The grassy part of the park is pretty well occupied, so the pony rides take place on the street, which is closed to traffic. It's not ideal, but maybe reducing the temptation of grass underfoot makes life easier for the pony wranglers. So as I approached the park, I saw a pony ride participant gripping on to the little western saddle's horn as the pony plodded along on the pavement. The pony's leader was plodding along, too, looking at the ground in front of him and not the kid behind him. But from where I stood, I could see the saddle slipping slowly off to the left. The kid sat quietly, leaning more and more to the right but evidently not complaining about her predicament out loud. I was still pretty far away, but it really didn't look like it was going to end well.

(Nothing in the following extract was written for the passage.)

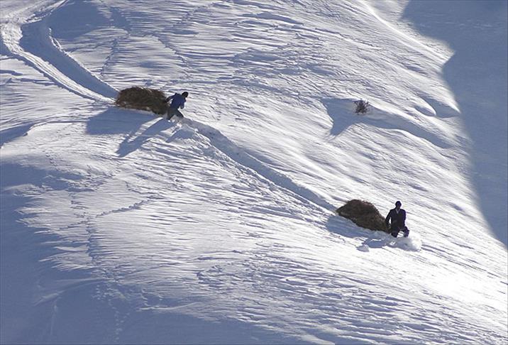 Erciş ilçesine 40 kilometre uzaklıktaki Taşkapı köylüleri, yazın biçtikleri otu, dağ yamaçlarına yığarak hayvanlarının kışlık yemi için hazırlık yapıyor. Kışın yem sıkıntısı yaşandığında ise köyün gençleri, kar üstünde kaydırarak getirdikleri otları ahırlara taşıyıp hayvanları besliyor.
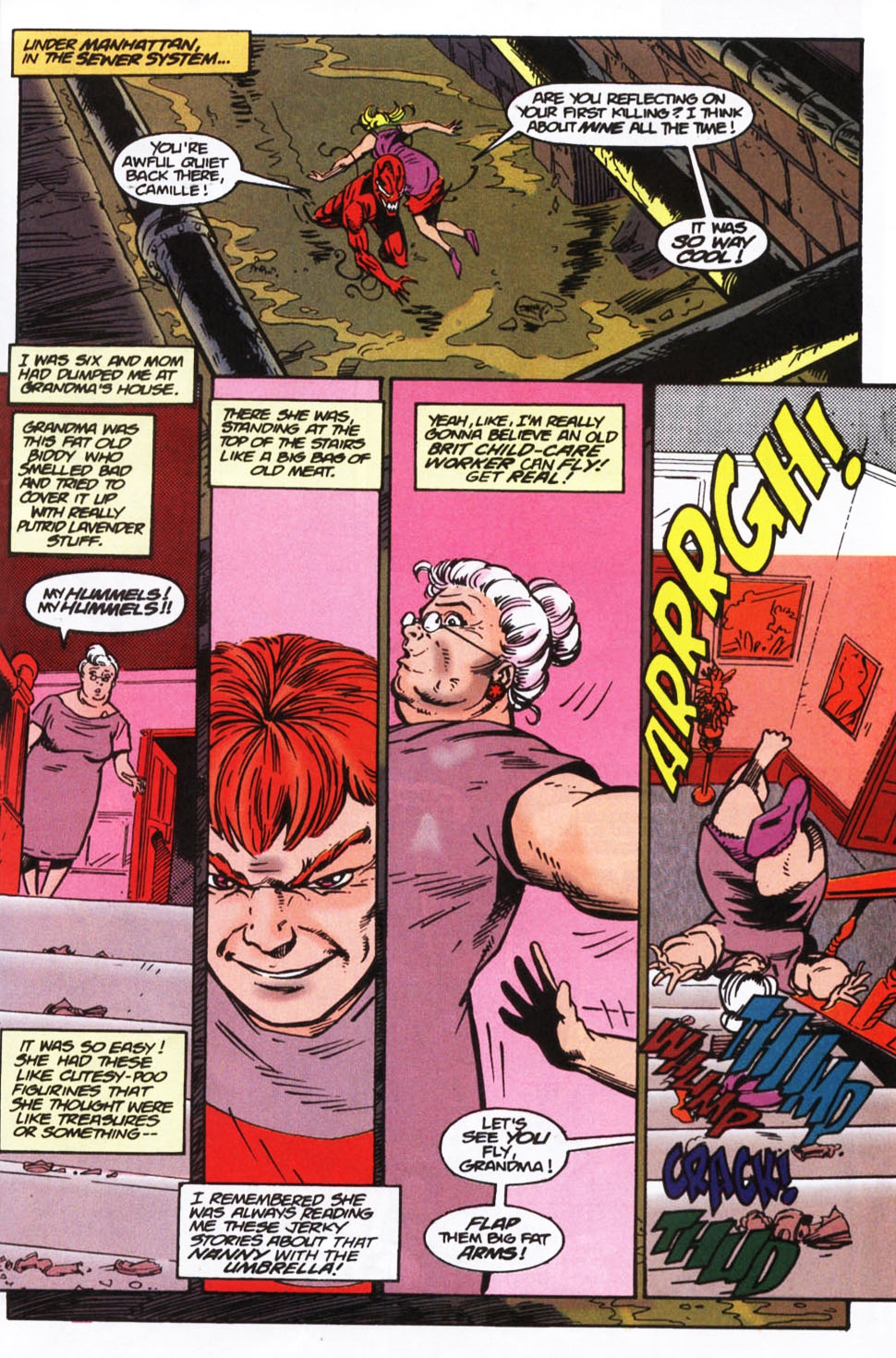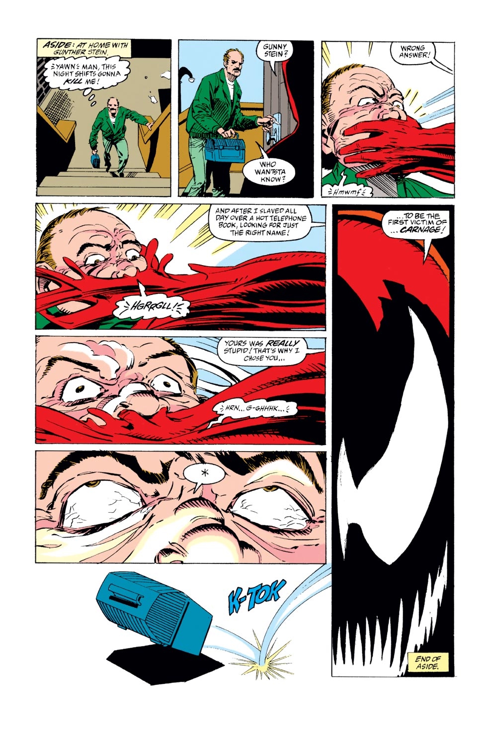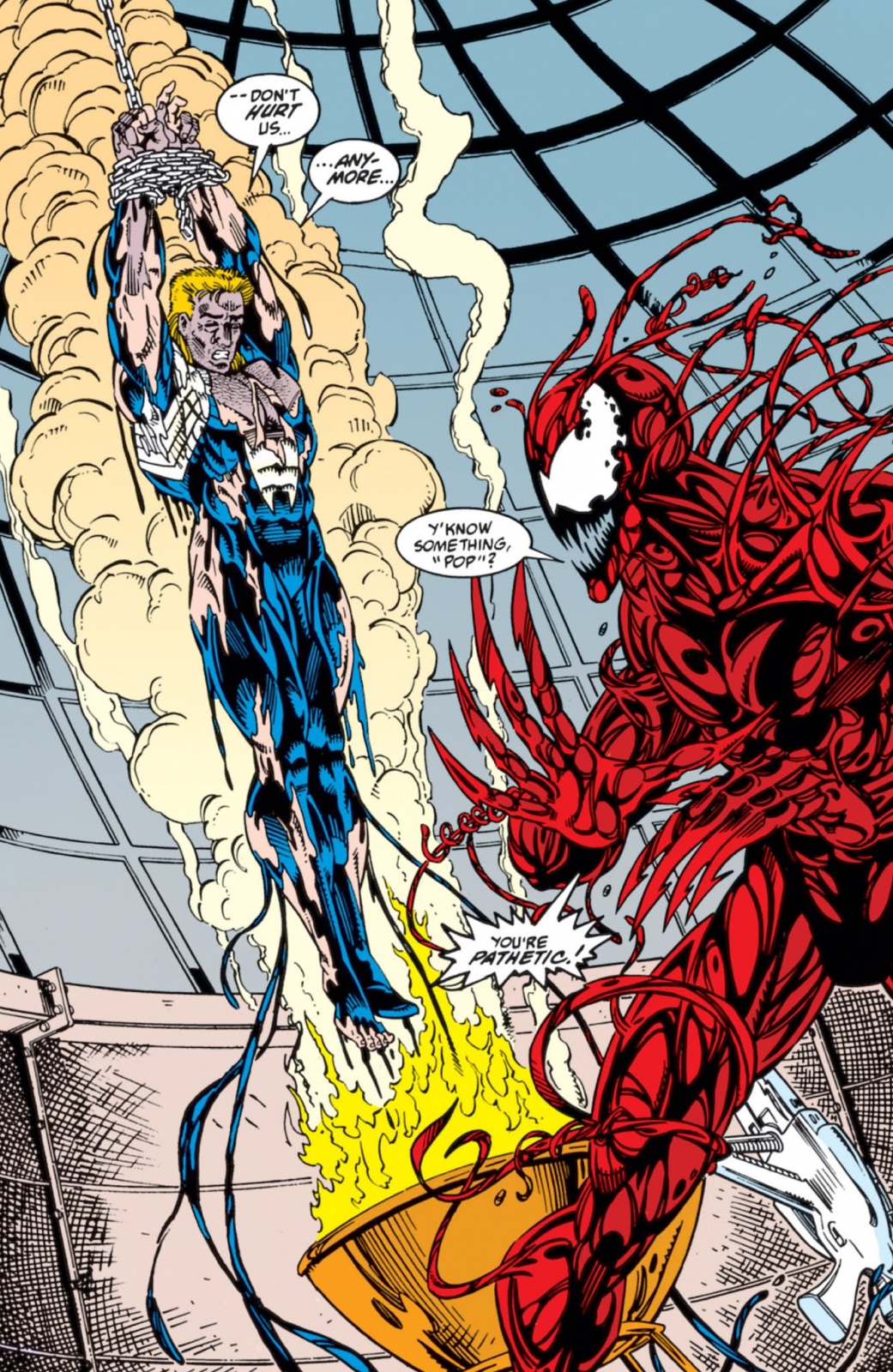 ในระหว่างที่ Carnage ปะทะกับ Spider-Man และ Venom ตัวของ Carnage ได้โยนเด็กทารกออกนอกตึกดื้อ ๆ อย่างไม่คิด เพื่อเบี่ยงเบนความสนใจให้เขาหนีไปได้

I scanned the area for the kid's parents, who I assumed must've been there, and sure enough I spotted Dad, standing on the sidelines taking photos. Once he got his shot, he stepped over and pulled his daughter back up so she was reasonably centered on the pony's back. The action of a parent stepping in quickly was enough to finally get the guy with the lead rope to look up. Fortunately for him, this particular parent seemed to be the laid-back sort.

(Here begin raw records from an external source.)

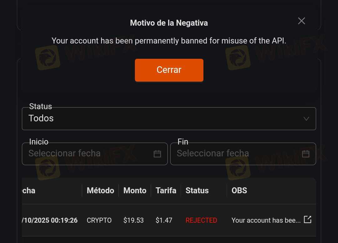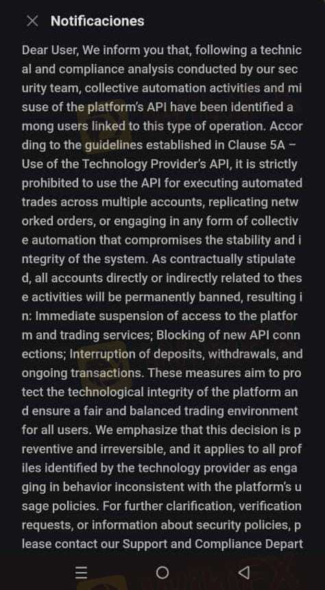 C'est une arnaque, ils ne permettent pas les retraits et ils bannissent les utilisateurs comme ils l'ont fait avec moi. "Cher utilisateur, nous vous informons qu'après une analyse technique et de conformité réalisée par notre équipe de sécurité, des activités d'automatisation collective et une utilisation inappropriée de l'API de la plateforme ont été identifiées parmi les utilisateurs liés à ce type d'opération. Conformément aux directives énoncées dans la Clause 5A : utilisation de l'API du fournisseur de technologie, il est strictement interdit d'utiliser l'API pour exécuter des opérations automatisées sur plusieurs comptes, répliquer des ordres en réseau ou participer à toute forme d'automatisation collective qui compromet la stabilité et l'intégrité du système. Comme stipulé contractuellement, tous les comptes directement ou indirectement liés à ces activités seront définitivement bannis, ce qui entraînera suspension immédiate de l'accès à la plateforme...
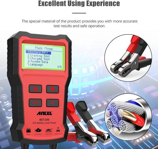Ancel BST100 battery tester is used for testing the conditions of the 12V lead-acid starting battery: cranking system and charging system. It comes with a large backlight LCD screen and it supports classic touch-tone to help you read and operate more efficiently. It utilizes the 4-wire Kelvin method to complete the collection of a series of complicated data for calculating every testing data with a build-in precise circuit and improved digital processor. Moreover, some circuit improvements including polar reversal protection, over-voltage input protection, and loose lead detection, ensure safety and convenience during testing.
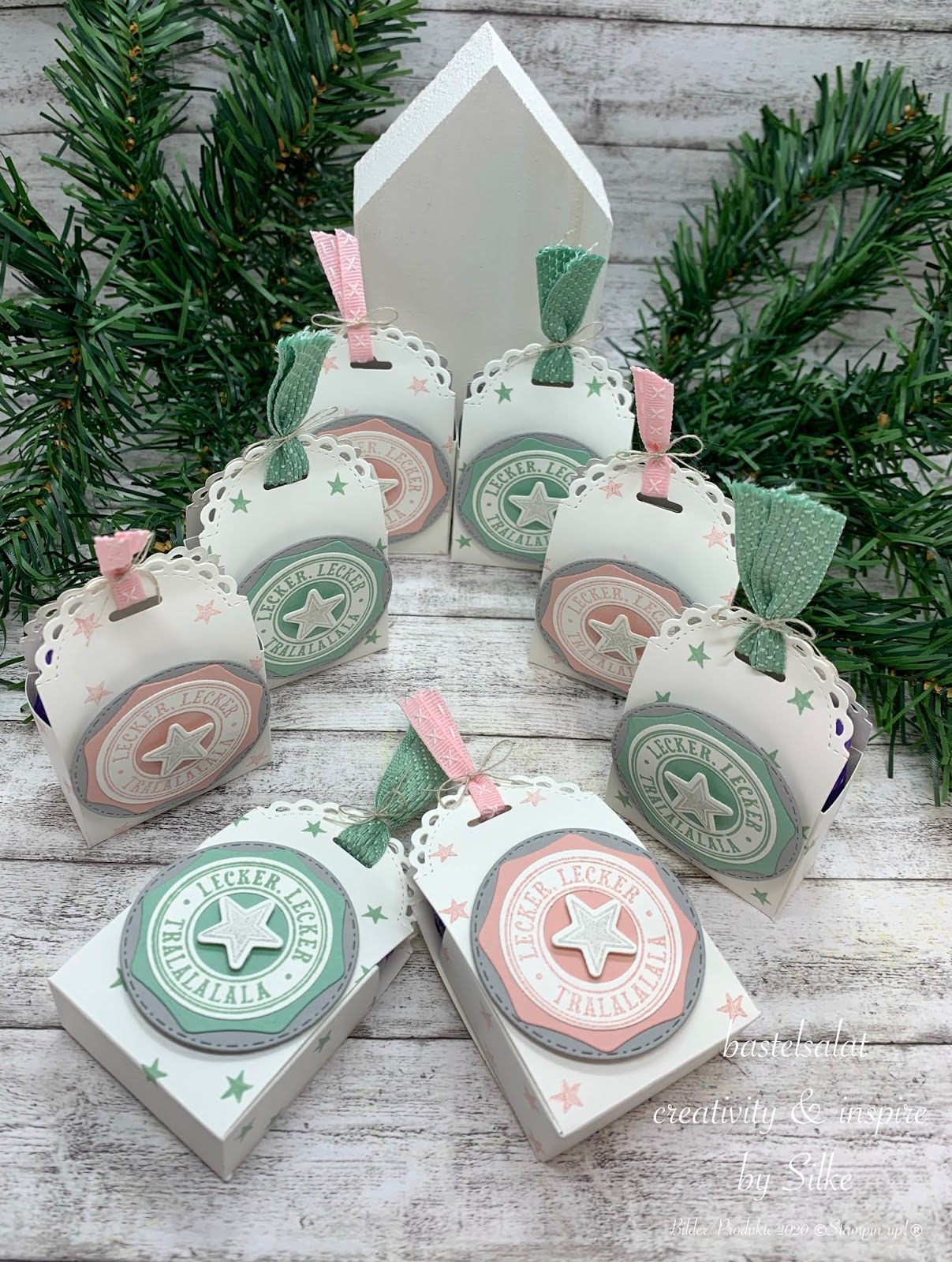 Auf meinen kleinen Geschenken, die mit der Stanzform Mini-Geschenkschachtel entstanden sind, hat sich ein wesentlich kleinerer aber fast so ähnlich klingenden Text, verewigt.

Maybe I'm a bit of a fuddy duddy when it comes to kids and horses. My past career teaching beginner riding lessons and my current career in which I'm regularly exposed to the best and worst of horsemanship probably increase my fuddy-duddiness. Watching a fairly innocuous pony ride set off all the alarms in my brain. Of course there are no helmets involved. The ponies seemed adequately deadheaded and safe, but attentive attendants still seem like a must-have when you're putting tiny tots on the backs of equines in a busy environment. And, I don't know, couldn't they find some spot of dirt so these ponies aren't on pavement?
On the other hand, where would be all be without the humble pony ride? Somewhere in my parents' collection of photo albums, there's a photo of a 5- or 6-year-old me, sitting on the back of a pony at a petting zoo, gripping the saddle horn, wearing shorts and sneakers and no helmet, being led by a bored-looking teenager. That was probably my first experience on the back of a horse, and while I don't actually remember it, I was probably thrilled. A couple of years later I did get real riding lessons where I wore long pants and boots and even a helmet (although this was in the pre-ASTM/SEI days, I'm sure it was better than nothing.) I learned how to steer and stop on my own and eventually trot and post. But not every kid gets that. For a lot of kids, the pony ride is the beginning and end of their equestrian career.
In a perfect world, every kid who wanted to ride a pony would get a chance to really and truly ride a pony. But in this imperfect world, I guess a pony ride at the art fair is better than not riding at all.